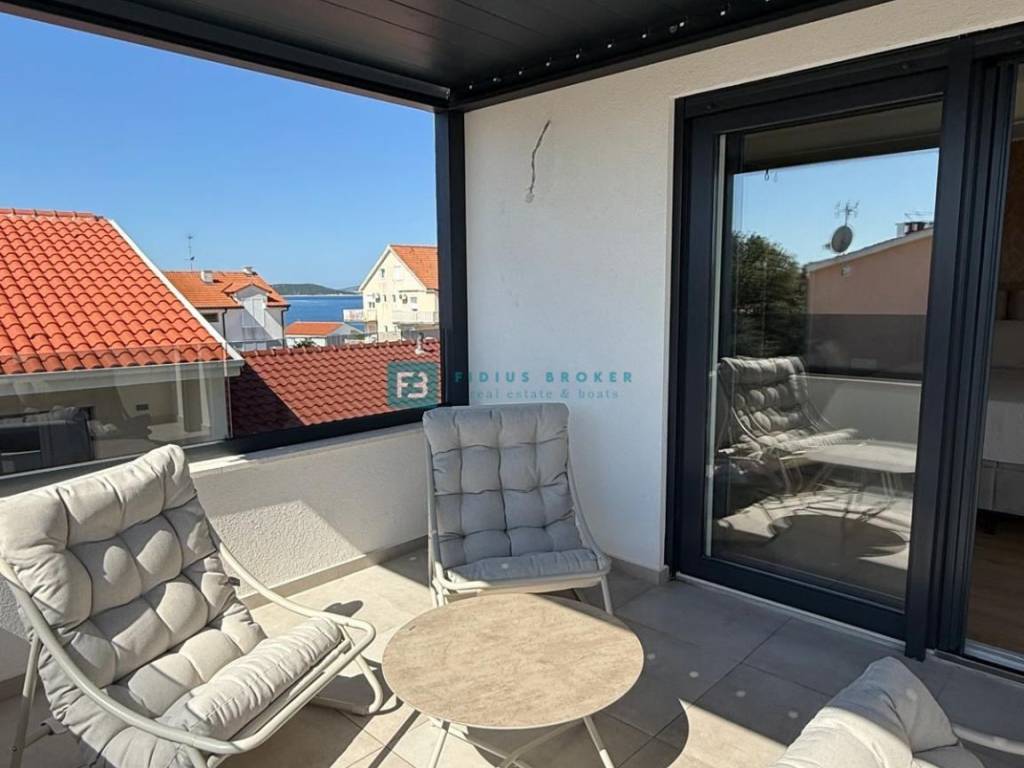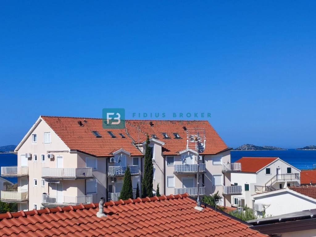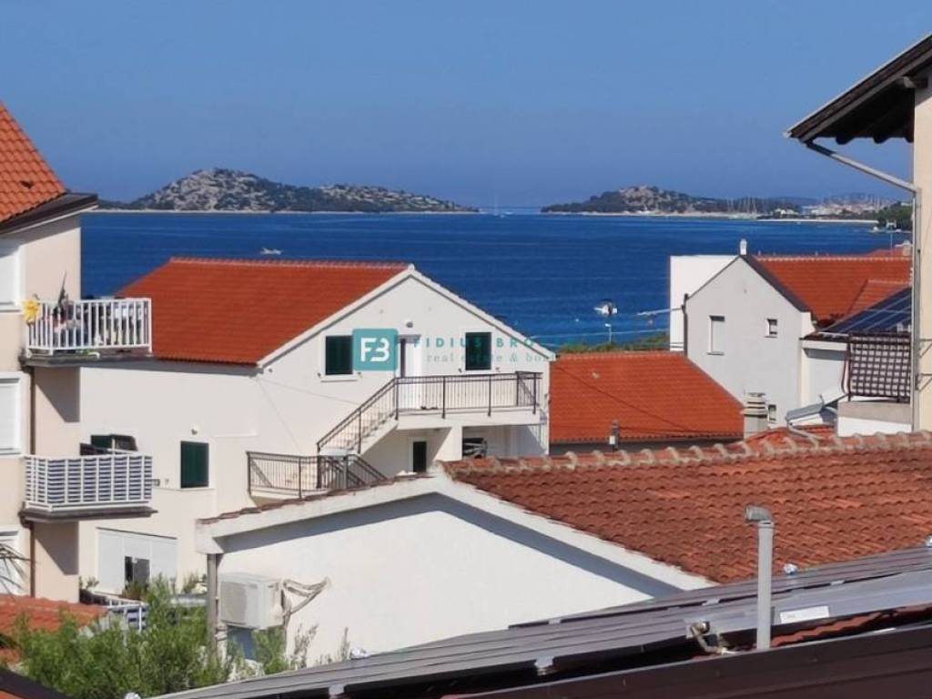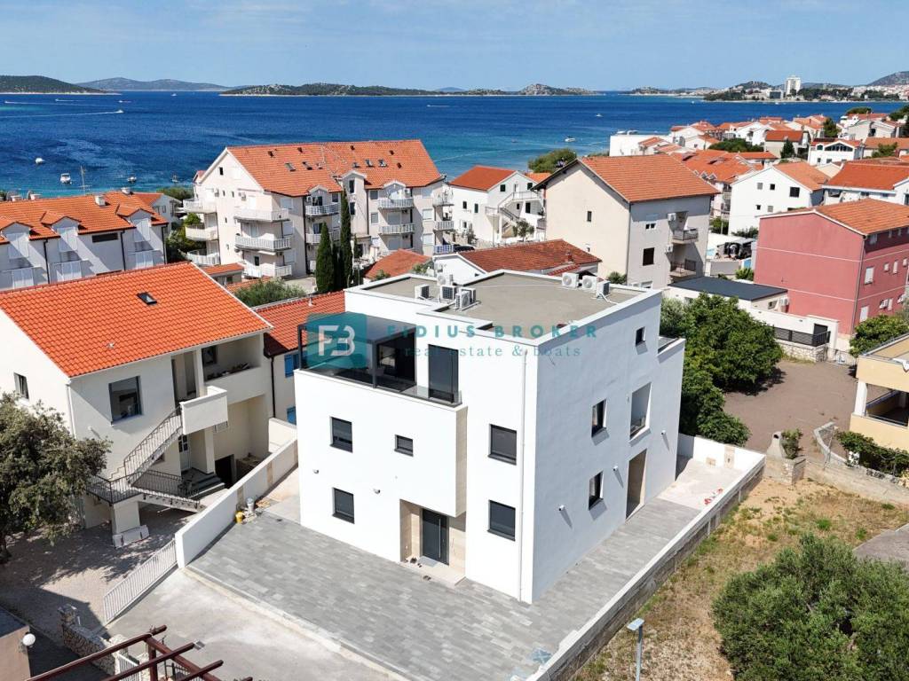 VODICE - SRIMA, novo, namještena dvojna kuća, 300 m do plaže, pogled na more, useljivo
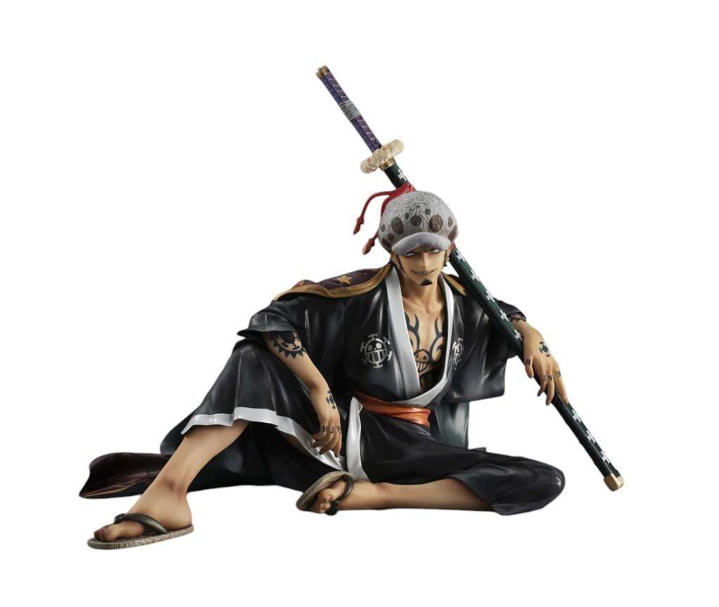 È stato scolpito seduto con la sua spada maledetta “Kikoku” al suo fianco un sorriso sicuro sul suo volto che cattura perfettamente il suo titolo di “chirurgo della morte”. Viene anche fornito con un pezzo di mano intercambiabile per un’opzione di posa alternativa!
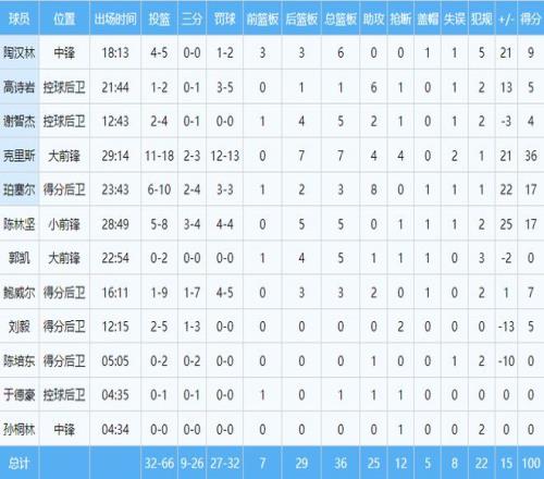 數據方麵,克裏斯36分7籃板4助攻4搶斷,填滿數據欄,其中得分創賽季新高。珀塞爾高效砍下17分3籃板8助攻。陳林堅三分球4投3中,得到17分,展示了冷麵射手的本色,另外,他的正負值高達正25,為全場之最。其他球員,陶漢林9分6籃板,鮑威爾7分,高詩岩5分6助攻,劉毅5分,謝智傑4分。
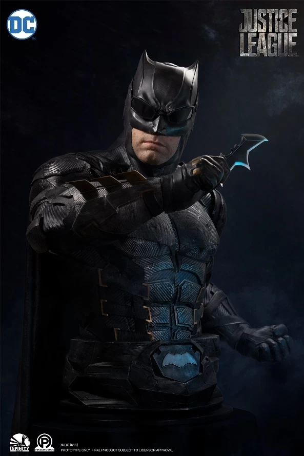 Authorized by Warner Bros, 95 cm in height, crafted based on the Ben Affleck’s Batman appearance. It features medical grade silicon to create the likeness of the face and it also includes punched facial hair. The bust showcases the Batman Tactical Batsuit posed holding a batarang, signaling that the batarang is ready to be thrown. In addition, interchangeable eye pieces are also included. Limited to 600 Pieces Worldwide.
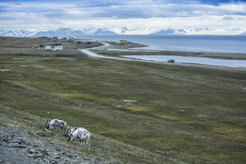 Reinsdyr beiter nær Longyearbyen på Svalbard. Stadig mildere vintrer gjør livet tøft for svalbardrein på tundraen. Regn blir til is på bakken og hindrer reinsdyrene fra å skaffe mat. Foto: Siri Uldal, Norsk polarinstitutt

▶ What is expected
Everything in the entries above must be output again exactly, except the pictures.

▶ Reply
 VODICE - SRIMA, novo, namještena dvojna kuća, 300 m do plaže, pogled na more, useljivo
 È stato scolpito seduto con la sua spada maledetta “Kikoku” al suo fianco un sorriso sicuro sul suo volto che cattura perfettamente il suo titolo di “chirurgo della morte”. Viene anche fornito con un pezzo di mano intercambiabile per un’opzione di posa alternativa!
 數據方麵,克裏斯36分7籃板4助攻4搶斷,填滿數據欄,其中得分創賽季新高。珀塞爾高效砍下17分3籃板8助攻。陳林堅三分球4投3中,得到17分,展示了冷麵射手的本色,另外,他的正負值高達正25,為全場之最。其他球員,陶漢林9分6籃板,鮑威爾7分,高詩岩5分6助攻,劉毅5分,謝智傑4分。
 Authorized by Warner Bros, 95 cm in height, crafted based on the Ben Affleck’s Batman appearance. It features medical grade silicon to create the likeness of the face and it also includes punched facial hair. The bust showcases the Batman Tactical Batsuit posed holding a batarang, signaling that the batarang is ready to be thrown. In addition, interchangeable eye pieces are also included. Limited to 600 Pieces Worldwide.
 Reinsdyr beiter nær Longyearbyen på Svalbard. Stadig mildere vintrer gjør livet tøft for svalbardrein på tundraen. Regn blir til is på bakken og hindrer reinsdyrene fra å skaffe mat. Foto: Siri Uldal, Norsk polarinstitutt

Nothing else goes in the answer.